Justice Thomas Urges the Court to Revisit Abortion-Clinic ‘Buffer Zones’ and Free Speech

POLITICS & POLICY

Late last week, the Supreme Court denied a petition for a writ of certiorari in the case Bruni v. City of Pittsburgh, which asked the Court to consider, in part, whether the city’s policy of placing “buffer zones” around abortion clinics to bar protesting or prayer violated the First Amendment’s free speech clause.

Though he agreed with the Court’s decision not to hear the case, Justice Clarence Thomas issued an interesting statement pointing out contradictions in how the Court has dealt with the issue of buffer zones around abortion clinics.

Thomas affirmed that these zones “often impose serious limits on free speech” and often “even prohibit certain one-on-one conversations.” Though the Court upheld a buffer-zone policy in 2000 in Hill v. Colorado because the measure satisfied the intermediate-scrutiny standard, Thomas argues that the use of intermediate scrutiny in that case is “incompatible with current First Amendment doctrine,” citing Reed v. Town of Gilbert and McCullen v. Coakley.

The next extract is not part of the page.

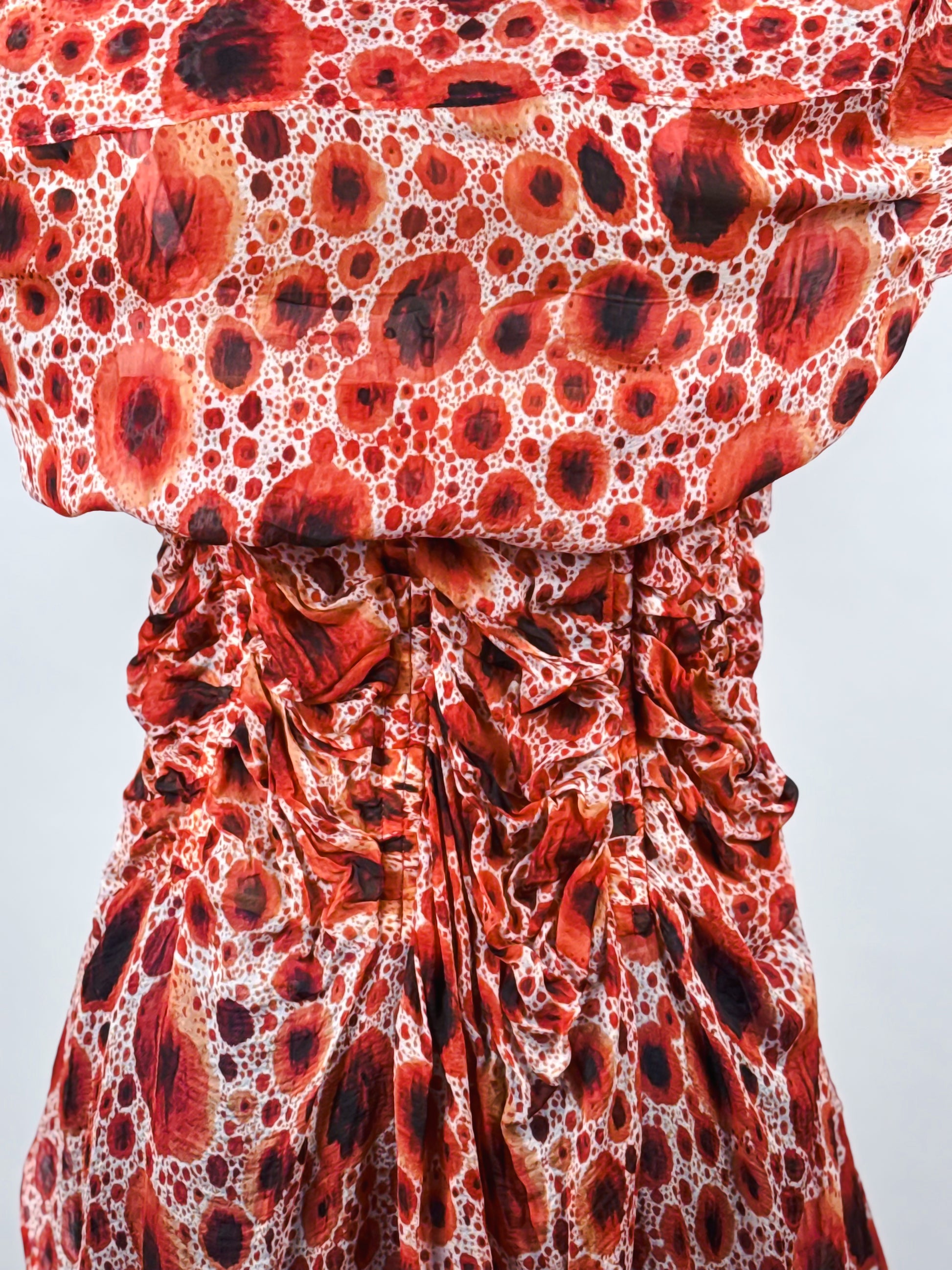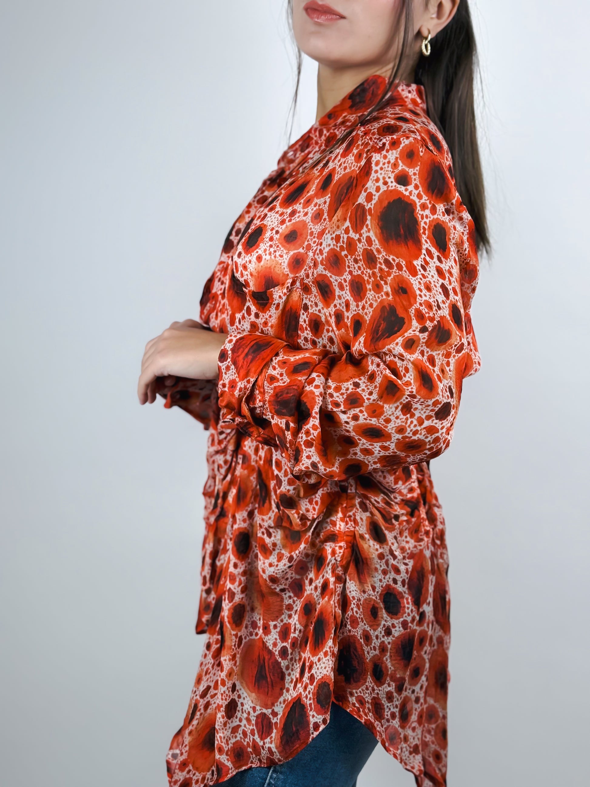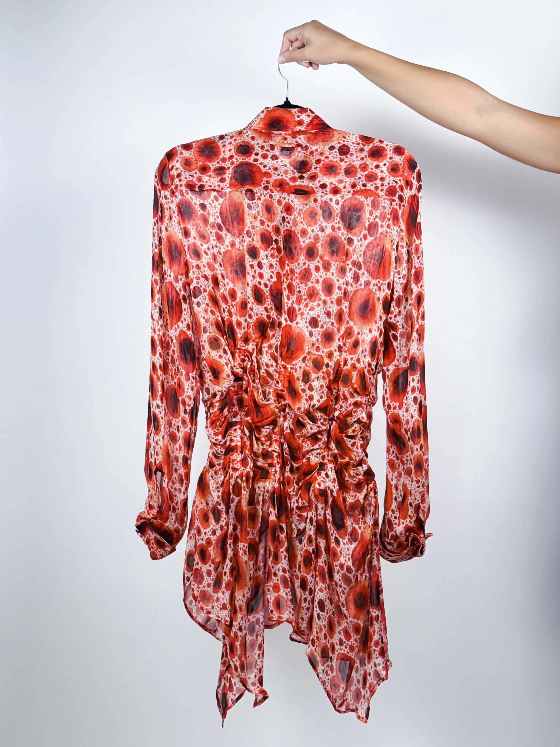 Camicia vintage Jean Paul Gaultier Femme, realizzata in 100% seta, “Made in Italy”. Stile Y2K. Presenta una stampa floreale astratta sui toni del rosso/arancio su fondo chiaro, maniche lunghe, colletto classico e chiusura frontale con bottoni.

“These more recent decisions establish that strict scrutiny is the proper standard of review when a law targets a ‘specific subject matter . . . even if it does not discriminate among viewpoints within that subject matter,’” Thomas writes. “I agree with the Court’s decision not to take up this case [Bruni v. City of Pittsburgh] because it involves unclear, preliminary questions about the proper interpretation of state law. But the Court should take up this issue in an appropriate case to resolve the glaring tension in our precedents.”